Use the technical scheme of the utility model, with last glass as the circuit layer, lower glass is as the colour layer to accomplish size and area unanimous with OCA optical cement, last polaroid appearance and last glass (circuit layer). The I C integrated circuit and the main screen FPC are bound on a single-layer area of the upper glass (circuit layer). Because the shape of the OCA optical cement and the upper polaroid is the same as the area of the single-layer area of the upper glass (circuit layer), the upper glass (circuit layer) is provided with a substrate and is not a single-layer area. OCA optical cement and polaroid are soft glues, and the OCA optical cement and polaroid can well absorb impact force of upper glass (circuit layer) caused by falling and vibrating, silicone cement does not need to be dispensed in the single-layer area of the upper glass (circuit layer), the cost of the silicone cement is saved, a silicone cement dispensing process is reduced, and the technical effect of avoiding failure of printing ink of the bottom layer of the cover plate due to the silicone cement is achieved.

Drawings

The accompanying drawings, which form a part of the present application, are included to provide a further understanding of the invention, and are incorporated in and constitute a part of this specification, illustrate embodiments of the invention and together with the description serve to explain the invention and not to limit the invention. In the drawings:

fig. 1 shows a schematic structural diagram of the prior art according to the present invention;

FIG. 2 is a schematic structural diagram of a silicone-adhesive-free drop-resistant display module;

fig. 3 shows a partial enlarged view of a non-silicone adhesive drop resistant display module.

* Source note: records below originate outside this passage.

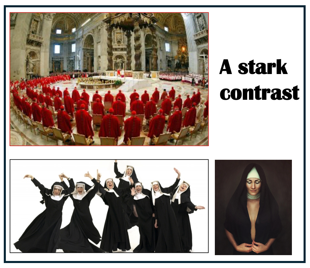 Neither priests nor nuns are allowed to marry or enjoy any of the physical intimacies that relationship implies. But there the similarities diverge. He is allowed power, authority, and outward beauty. She is denied all of that and must, analogously to the birds, humbly endure leftovers.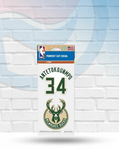 Show your team support with this Giannis Antetokounmpo Milwaukee Bucks set of two 4×4 perfect cut decals. These decals can be placed on a variety of surfaces with their self-adhesive back. No one will question who your favorite team is when you display these Giannis Antetokounmpo Milwaukee Bucks Set of two 4×4 perfect cut decals.Â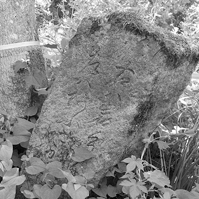 ひと休みの後、石像を辿って更に上へ進むと、すぐ地理院地図の点線に繋がった。こちらの山道も手入れしてあるが、林道との分岐には小さな追分石しか目印が無い。林道を少し下ると、寛政十三年の観世音菩薩碑が立っていた...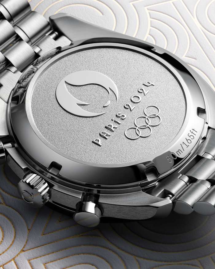 Au dos, le fond de boîtier commémoratif en acier inoxydable révèle un médaillon avec une base givrée, estampillée du logo Paris 2024 poli miroir avec l’inscription « Paris 2024 » et les anneaux olympiques.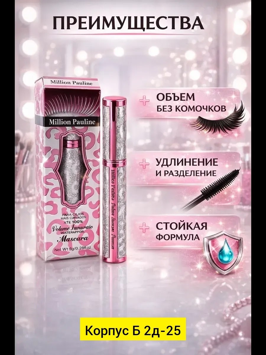 Тушь для ресниц черная водостойкая объем и удлинение.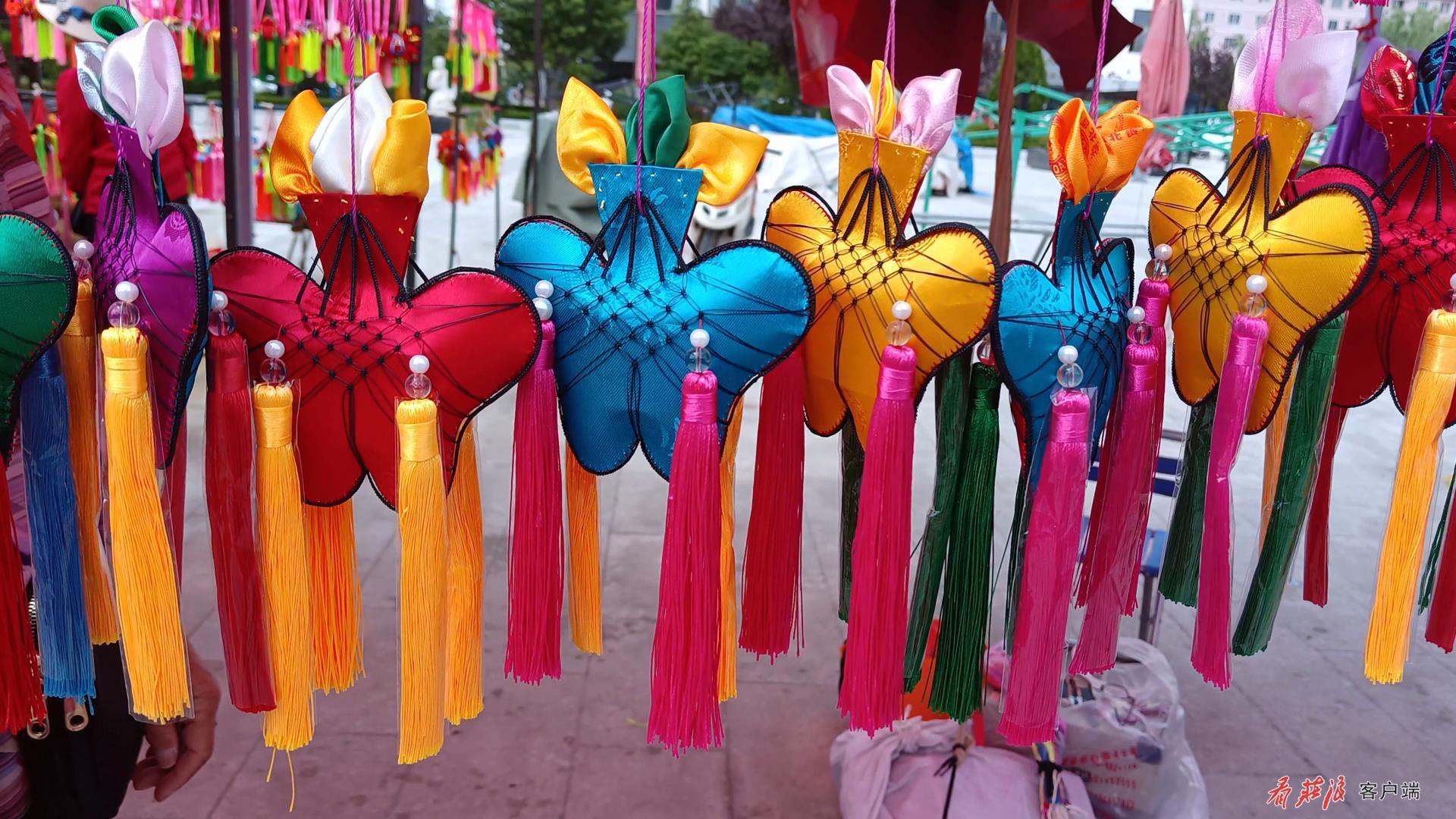 在莊浪過端午節(jié),少不了戴荷包、吃粽子。端午節(jié)來(lái)臨之際,莊浪縣到處都是待售的荷包,香飄四溢,讓人們?cè)缭绺兄蕉宋鐚⒔?/p>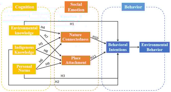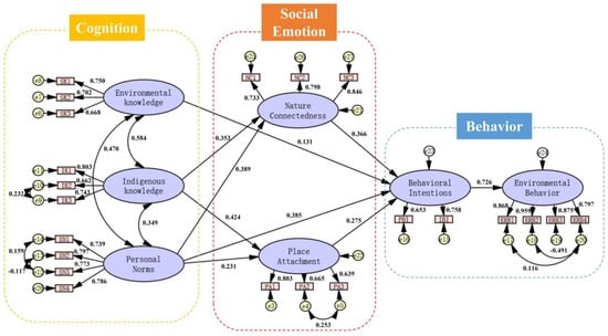 The findings indicate that personal norms have a more significant direct effect on behavioral intention than environmental knowledge, nature connectedness, and place attachment. The influence of personal norms on behavioral intention was mainly produced through a direct effect, although the mediating effect of emotion also played a partial role.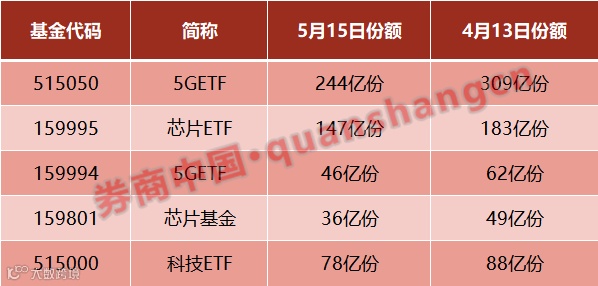 Wind统计显示,以4月13日基金份额与5月15日基金份额对比发现,其中5GETF份额减少65亿份,降幅最多,该基金在4月中旬时份额一度突破300亿份,为规模最大的科技类ETF基金,由于资金不断流出,该ETF份额缩水超过20%。芯片ETF基金也被资金看淡,在所有科技类ETF基金中份额下降排名第二,一个月内减少份额达到46亿份,份额较高位缩水20%。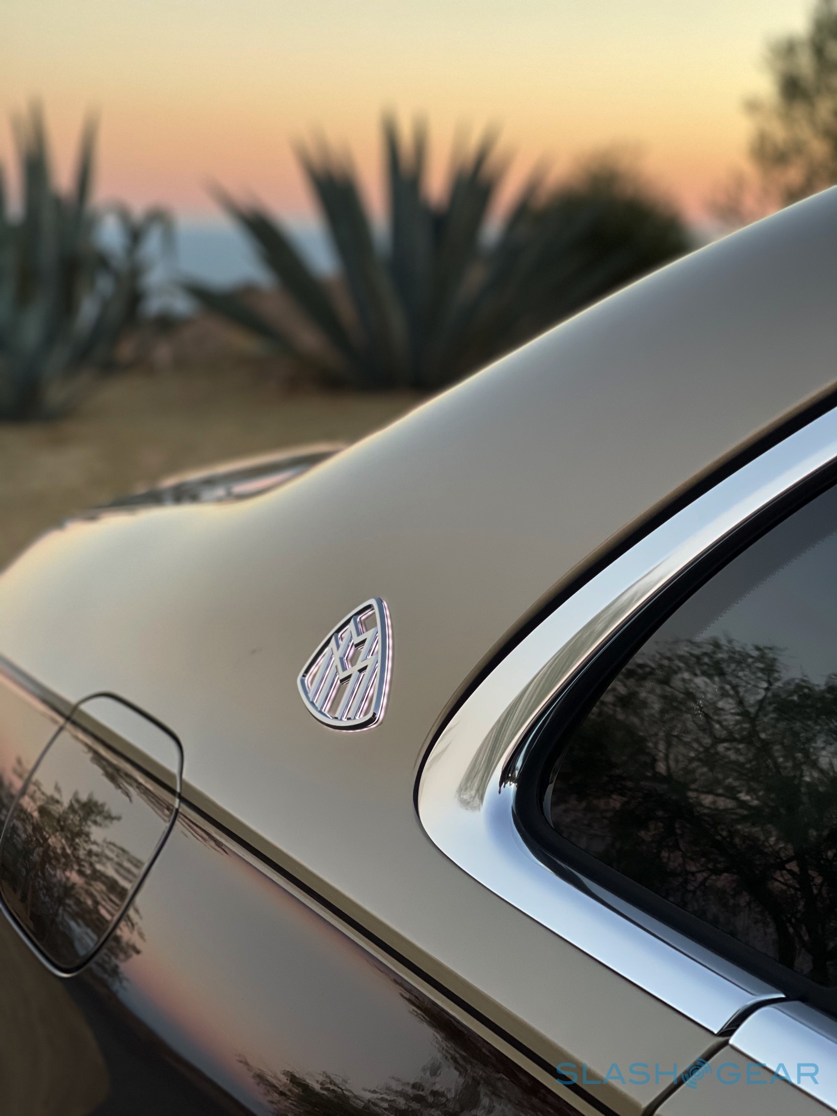 Unlike a regular S-Class – and with cleanly clearing tight driveways in mind, even with that extra length – the Maybach comes standard with rear-axle steering, reducing the turning circle by up to two meters (or seven feet). Depending on your chosen wheel size (20-inch custom wheels are standard), the rear wheels can turn up to 10 degrees to improve high-speed handling and low-speed maneuverability.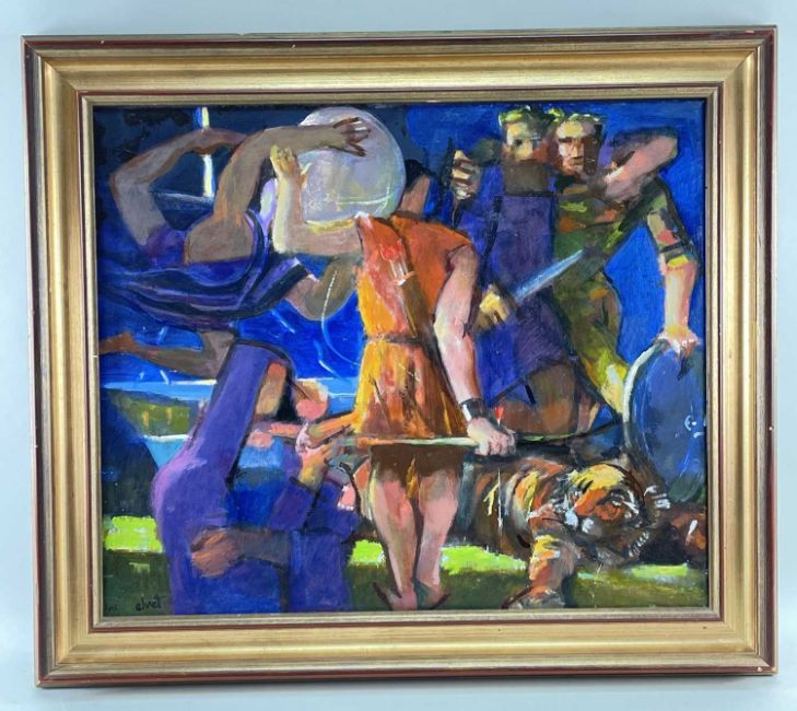 ELVET THOMAS oil on canvas - Greek mythology with Theseus, King of Athens, robed lady and slain tiger, entitled verso ‘Theseus and the Cave’, signed and dated 1995, 52 x 62cms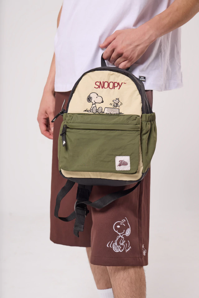 Mochila de nylon con interior forrado. Bolsillo frontal y acceso superior con cierre. Detalles de Snoopy bordados 🎒🐶.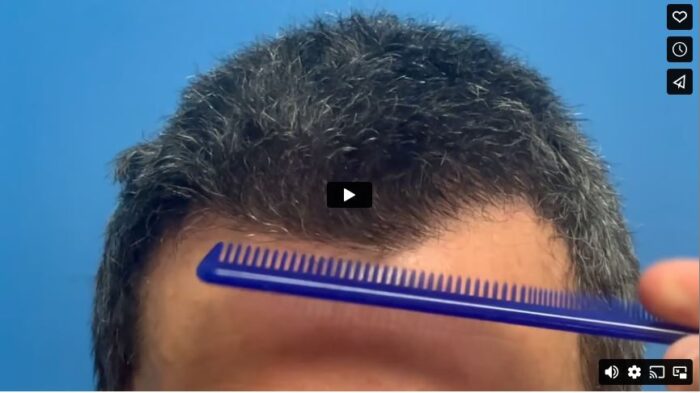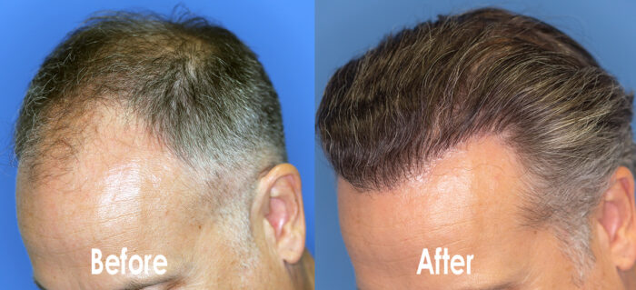 This patient underwent two FUT linear strip harvest procedures to reestablish his hairline and temporal region, and to fill in his crown. The first procedure involved transplanting 3073 grafts. The second surgery was performed 3 years later, transplanting 1643 grafts to add more density to the frontal region. Crown, filled in on the first procedure…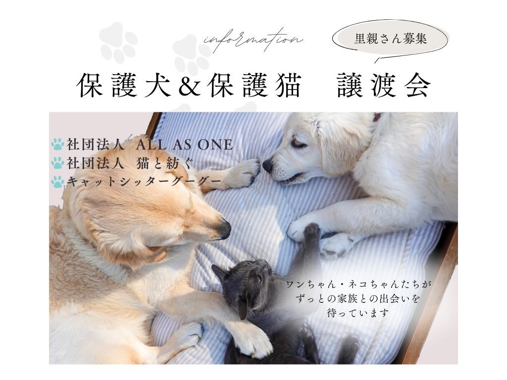 里親様、ワンちゃん・猫ちゃんたちに良いご縁がある事を願います。

Wherein the figures include the following reference numerals:

a cover plate 1; a rubber plate 2; an upper polarizer 3; putting the glass sheet 4; a lower sheet of glass 5; an integrated circuit 6; a main screen FPC flexible circuit board 7; a lower polarizer 8; a first backlight assembly 9; a second backlight assembly 10; a third backlight assembly 11; a light guide plate 12; a light source 13; black and black frame glue 14; a silicone adhesive 15.

Detailed Description

It should be noted that the embodiments and features of the embodiments in the present application may be combined with each other without conflict. The present invention will be described in detail below with reference to the accompanying drawings in conjunction with embodiments.

Example 1

As shown in fig. 1 to 3, the embodiment of the utility model provides a no anti display module assembly that falls of silicone adhesive, including apron 1, 1 inboard of apron sets up optical cement 2, 2 inboard settings polaroids 3 of optical cement, it sets up piece glass 4 to go up 3 inboards of polaroid, 4 inboards of piece glass set up down piece glass 5, integrated circuit 6 and main screen FPC flexible line way board 7 respectively, it sets up to the circuit layer to go up piece glass 4, piece glass 5 sets up to the colour layer down, optical cement 2, last polaroid 3 and last piece glass 4 length, width and area are unanimous.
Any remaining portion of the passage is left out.